Oh, right, I guess this wasn't really communicated anywhere, I apologize for that. But the TP feature currently requires flash attn. :/

It's still a little experimental and unfinished, and I'll probably add SDPA support sometime soon, though it still won't work with the dynamic generator.

turboderp commented 2 weeks ago

Right, I've pushed an update to the dev branch that should allow inference with TP mode even when flash-attn isn't available. It uses a slower code path for now so it's hard to say if you'll see any speedup. Torch SDPA is very limited (it's not just paged attn that's missing but also GQA support) but I'll see about further improving performance down the line.

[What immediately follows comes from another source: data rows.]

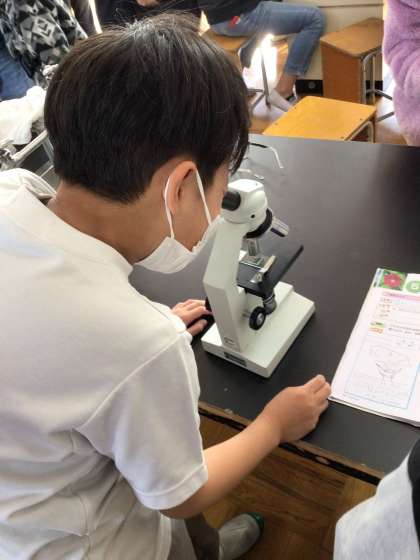 5年1組の授業の様子です。花粉を顕微鏡で観察しました。花粉には、さまざまな形があることに気づく人もいました。なぜ、形がちがうのか、学習をすすめていきます。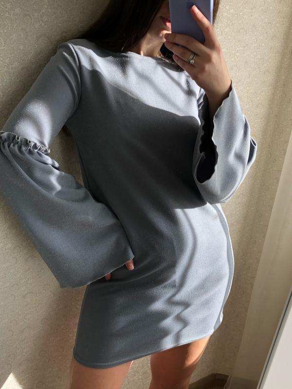 Платье люрекс голубо-серое рукава буффи объемные Размер С/М Длина 81 см Пог 44 см Пот 43 см Пос 46 см Рукава 61 см хорошо тянется!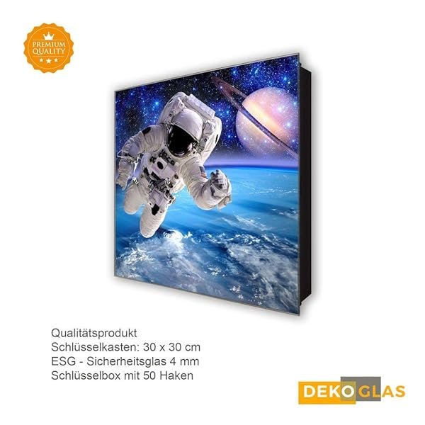 Schlüsselkasten 'Weltraumwunder' 30×30 Glas, inkl. Haken Schlüsselbrett Schlüssel-Box Design Aufbewahrung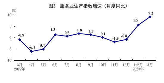 一季度,服務(wù)業(yè)增加值同比增長(zhǎng)5.4%,比上年四季度加快3.1個(gè)百分點(diǎn)。其中,住宿和餐飲業(yè),信息傳輸、軟件和信息技術(shù)服務(wù)業(yè),金融業(yè),租賃和商務(wù)服務(wù)業(yè),批發(fā)和零售業(yè)增加值分別增長(zhǎng)13.6%、11.2%、6.9%、6.0%、5.5%。3月份,全國(guó)服務(wù)業(yè)生產(chǎn)指數(shù)同比增長(zhǎng)9.2%,比1-2月份加快3.7個(gè)百分點(diǎn)。其中,住宿和餐飲業(yè),信息傳輸、軟件和信息技術(shù)服務(wù)業(yè),交通運(yùn)輸、倉(cāng)儲(chǔ)和郵政業(yè)生產(chǎn)指數(shù)分別增長(zhǎng)29.9%、12.0%、11.9%,比1-2月份分別加快18.3、2.7、7.7個(gè)百分點(diǎn)。1-2月份,規(guī)模以上服務(wù)業(yè)企業(yè)營(yíng)業(yè)收入同比增長(zhǎng)3.4%。3月份,服務(wù)業(yè)商務(wù)活動(dòng)指數(shù)為56.9%,業(yè)務(wù)活動(dòng)預(yù)期指數(shù)為63.2%。其中,零售、鐵路運(yùn)輸、道路運(yùn)輸、航空運(yùn)輸、租賃及商務(wù)服務(wù)等行業(yè)商務(wù)活動(dòng)指數(shù)高于60.0%。

dirkson commented 2 weeks ago

No speedup, but it does function!

Running the following command on a 8x P100 machine: python test_inference.py -m /home/llama/mod/exl2/magnum-v2-123b-exl2/ -nfa -p "Once upon a time," -gs auto

With -tp: -- Response generated in 55.37 seconds, 128 tokens, 2.31 tokens/second (includes prompt eval.) Without -tp: -- Response generated in 23.33 seconds, 128 tokens, 5.49 tokens/second (includes prompt eval.) With -nxf: -- Response generated in 23.25 seconds, 128 tokens, 5.50 tokens/second (includes prompt eval.)

For comparison, on my hardware, I'm used to getting around 8-10 tokens/second with a similar model in GPTQ running on whatever aphrodite engine uses for tensor parallelism.

I thought specifying -nxf might prompt exllamav2 to use sdpa, and thus help prove whether it was the lack of GQA support that hurt performance so much, but it didn't actually seem to affect performance at all.